Slide 27: When we align Burke-White’s and Cartier Bresson’s images with Herve’s, we see contrasting applications of photography. In one, we see a universalising template for life, conveyed in abstract units of concrete. In the other, we see the everyday unfold, as seen within the viewfinder.

Slide 28: Each exploits photography’s contradictory testimony, based in the scientific technicality of the apparatus, and the individual vision of the photographer. Each photograph asserts a truth claim - ‘The image shows what’s there’. The assumption burns into the optic nerve of the spectator.

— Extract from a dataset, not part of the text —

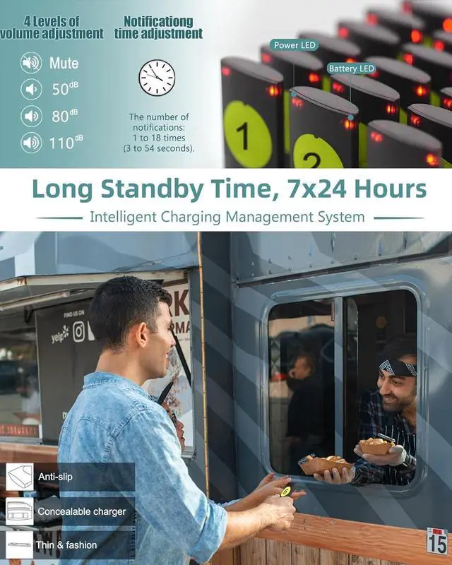 MULTIPLE SCENE APPLICATIONS: Wireless paging system applied to restaurants, hotels, food trucks, bars. We provide lifetime technical support. If you have any questions, please contact us

Slide 29: To view photography through these assumptions produces a blindness to contextual processes of visual communication. Images do not represent; they act, moving information and affect from one place to another. To address the questions posed by cities, such as Chandigarh, we must first sever the link between documentary photographs and assumptions of unequivocal testimony.

Slide 30: Testimony is something that we must actively negotiate, so we can navigate the relationship between what images show and their presentation in context.

Slide 31: Herve’s images make sense in terms of the absence of daily life, which we know through the documentary work of Burke-White and Cartier Bresson. The social construction of each photographer’s work underpins its mythic status. This is how the one can dwell in abstraction and the other in the grain of life.

Slide 32: We should view these images as tools through which we can re-evaluate the legacies of colonisation.